Когда мне исполнилось тридцать, я приготовилась в ожидании, что вот-вот накроет. Наверное, дело в том, что о кризисе тридцатилетия у женщин теперь приходится слышать постоянно. В сети то и дело всплывают списки из серии «Успела ли ты до тридцати прыгнуть с парашютом, а в полете родить ребенка и поглядеть на Мачу-Пикчу»? Мне самой казалось, что тридцать — это возраст великих свершений. Можно вспомнить, что Джоан Ролинг стала знаменита в тридцать три, Эми Полер, любимица всего интеллектуального Голливуда — в двадцать девять, а Джулианн Мур как раз с тридцати начала сниматься. Но откуда эта истерия по поводу «рокового рубежа» именно у наших девушек?
В какой-то мере нынешнее поколение тридцатилетних может почувствовать себя первопроходцами. Именно нас этот возрастной кризис затронул сильнее всего. И виной тому в первую очередь социальные сети.
Мы сутра видим в новостной ленте фото вечно молодых подруг с идеальными детьми, которые если и открывают рот, то лишь для того, чтобы маме было о чем написать в фейсбук. Перед нашими глазами проходит череда накачанных прессов и мускулистых ног успешных женщин, которые к тридцати годам уже обзавелись стартапом, фотогеничным мужчиной с креативной профессией и теперь советуют нам бросить ужасный офис и залечь с ноутбуком под пальмой в Таилайде, потому что только отсталые слои населения еще ходят на работу с девяти до шести.
В этом возрасте мы начинаем все острее замечать эту — большей частью постановочную — чужую красоту и успешность, и тогда-то на нас и накатывает пресловутый кризис. Бороться с которым несложно, если получить ответ на два вопроса: чем на самом деле это тревожное состояние вызвано и почему оно во многом зависит — оттого, сколько времени вы просидели в социальных сетях?
Мир без тревог
Кризис 30 лет у женщин, или, как его называют в англоязычных странах, thrisis, — понятие относительно новое. О возрастных переломных периодах заговорили только в 1980-е годы, когда Дэн Джонс, директор Центра психологических исследований при Аппалачском государственном университете, впервые занялся их исследованием не у подростков, а у взрослых. Джонс не был склонен называть это кризисом. Скорее определенными поведенческими проявлениями, которые характерны для людей в возрасте от тридцати семи до пятидесяти лет. Некоторые такие проявления до сих пор не устарели: например, пересматривание старых фото, поиск бывших одноклассников, нежелание ходить на работу и — характерное для женщин — боязнь определенного момента, после которого, как после боя часов в сказке про Золушку, ты превратишься в тыкву.

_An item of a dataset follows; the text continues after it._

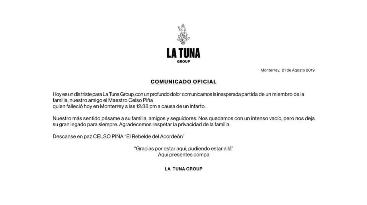 El grupo La Tuna, del cual formaba parte, emitió un comunicado confirmando la muerte de uno de los cantantes de cumbia más exitosos del último tiempo. Piña falleció el mediodía de este miércoles a causa de un infarto al corazón en el Hospital San Vicente de Monterrey.

Как видите, раньше психологи связывали это с приближением сорокалетнего возраста. Но чтобы тридцать? Никому и в голову не приходило. Тем более в СССР. У нас никаких возрастных кризисов не было. Нет, без шуток: их на самом деле практически не было, тем более у женщин, и, вероятно, поэтому именно в условиях новой России этот кризис и стал внезапно ощутим и актуален. Как для меня, например. Тамара Алексеевна Дорохова, к.м.н. и психотерапевт с двадцатипятилетним стажем, рассказала мне, чем мои ровесницы в 1980-х отличались от нынешних: «Примерно до середины 1990-х кризис 30 лет особо не проявлялся, — рассказывает Тамара Алексеевна. — Объяснялось это тем, что жизнь женщины в СССР была строго и равномерно расписана. С самого детства девочка знала, что ее ждет. Школа, институт. В институте обязательно надо выйти замуж и побыстрее родить. Потом сдать детей в садик и выйти на работу. Социум тогда просто не допускал никаких перемен, и поэтому к тридцати годам у женщины не возникало вопроса, куда идти, что делать со своей жизнью. С тем, чтобы найти себя в профессии, тоже проблем не было. Зачастую девушке даже выбирать не приходилось, потому что поощрялись профессиональные династии (бабушка врач, мама врач, ну и дочка идет учиться на врача). Большой тревоге неоткуда было взяться. Девочка четко понимала, что она будет делать в восемнадцать, а что — в двадцать восемь лет». К тридцати годам женщина превращалась в даму «бальзаковского возраста».
Поколение ноль
Выражение «бальзаковский возраст» прошло в нашей стране смысловую трансформацию. Сначала оно употреблялось, когда нужно было назвать женщину немолодой и при этом ее не обидеть. В конце 1920-х годов Анатолий Мариенгоф в романе «Бритый человек» пишет об «утке бальзаковского возраста», то бишь старой и жесткой.
Да и в начале 2000-х годов по российским телеканалам с успехом идет наш вариант «Секса в большом городе» — «Бальзаковский возраст, или Все мужики сво…», — сериал, героини которого активно мучились отсутствием у них какой-либо личной жизни. И в названии уже был заложен определенный негативный посыл. Если ты, мол, достигла бальзаковского возраста (а он, напоминаем, начинается в тридцать), то уж точно имеешь за плечами неудачный любовный опыт, в груди — разбитое сердце, а впереди — не самое ясное будущее. Сам Бальзак, конечно, удивился бы такой трактовке этого образа. Его виконтесса д’Эглемон, героиня романа «Тридцатилетняя женщина», к этому возрасту как раз достигла расцвета, а не заката.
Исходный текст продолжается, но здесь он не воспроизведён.